Planning to rake up the leaves on your lawn?

Well the Nature Conservancy is asking people to go light on getting rid of all of their leaves this fall.

They say that leaving a thin layer of fallen leaves on the ground around your yard will create better backyard biodiversity and help improve your lawn.

When leaves fall to the ground they eventually decompose and become and all-natural (and free) mulch or fertilizer for your yards soil and grass.

It'll make better fermenting soil for your gardens and help grow healthier grass.

However, leaving a thick layer on your lawn may suffocate it.

Just a thin layer will be more than enough to give you a healthier backyard.

Not only does it help create a better, healthier landscape but it's also useful for the critters back there too.

Insects and small birds can seek shelter in the fallen leaves during winter's hibernation period.

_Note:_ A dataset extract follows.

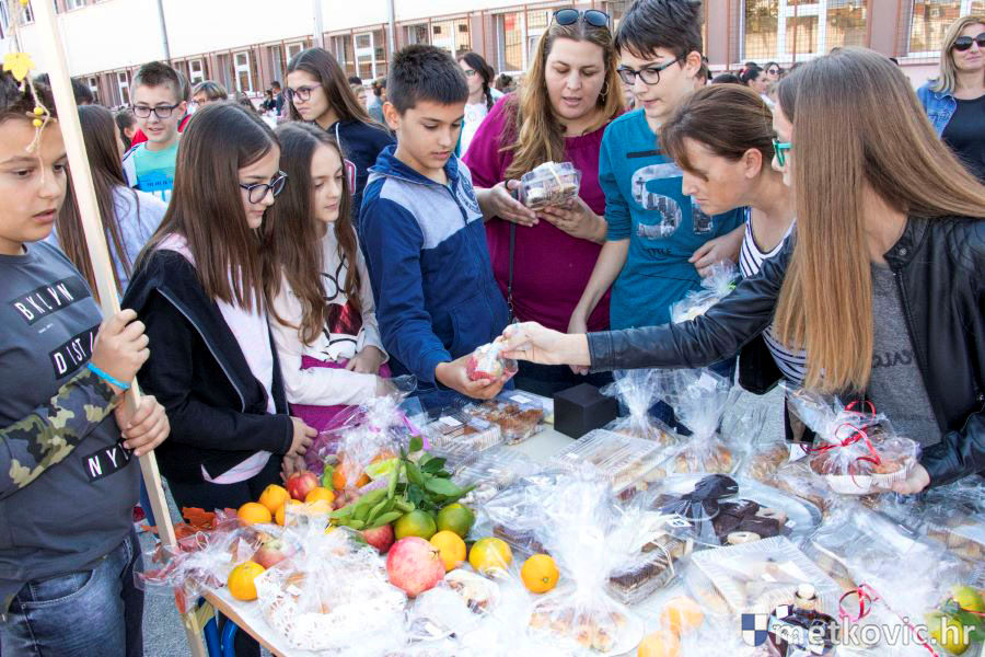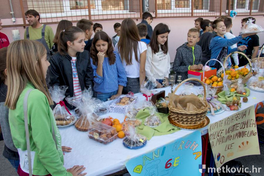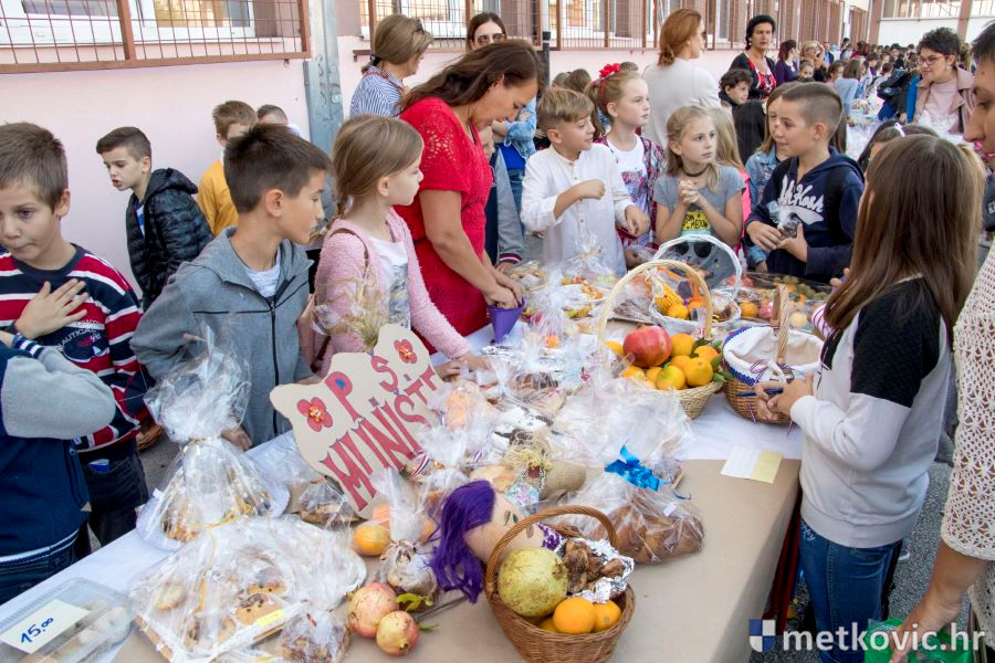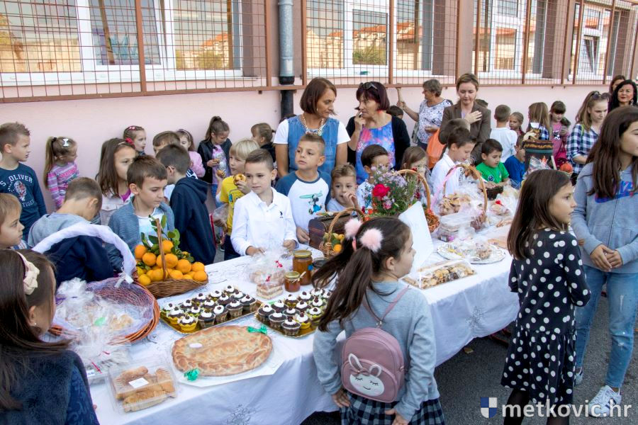 Šarenilo kruhova, peciva, kolača i neretvanskih plodova zemlje, koje su sa svojim učiteljicama i razrednicama izložili učenici, mamilo je na kupnju. I kupovalo se kako bi se pomoglo liječenju dviju učenica te škole; Manuele Čuture i Marije Dominiković. U programu je sudjelovao Školski zbor, a nakon pozdravnih riječi ravnateljice Božene Nikoletić kruhove i ostale darove prirode blagoslovio je don Mladen Margeta.

Things like pruned branches and hedge clippings also create habitats.

80% of Canadians are living in urban areas and backyard biodiversity is becoming more and more important.

"We've come to think of our lawns and front yards as extensions of our living rooms. Whereas, they're really a part of nature and we need to recognize that even if we live in an urban environment nature is right outside our window and these natural processes like leaves falling and decomposing are vital to sustaining pollinators around us that actually help sustain us in the long run," says Jensen Edward the National Media Relations Manager at the nature Conservancy.

Putting fallen leaves in gardens and vegetable patches will also help protect your gardens from the winter's freeze to thaw process.

One thing people can worry about picking up is pine needles.

The needles are acidic and can actually harm people's lawns and roofs.

Edward says, "We all still play a roll in the natural cycles of our world and this is just one way we can help out."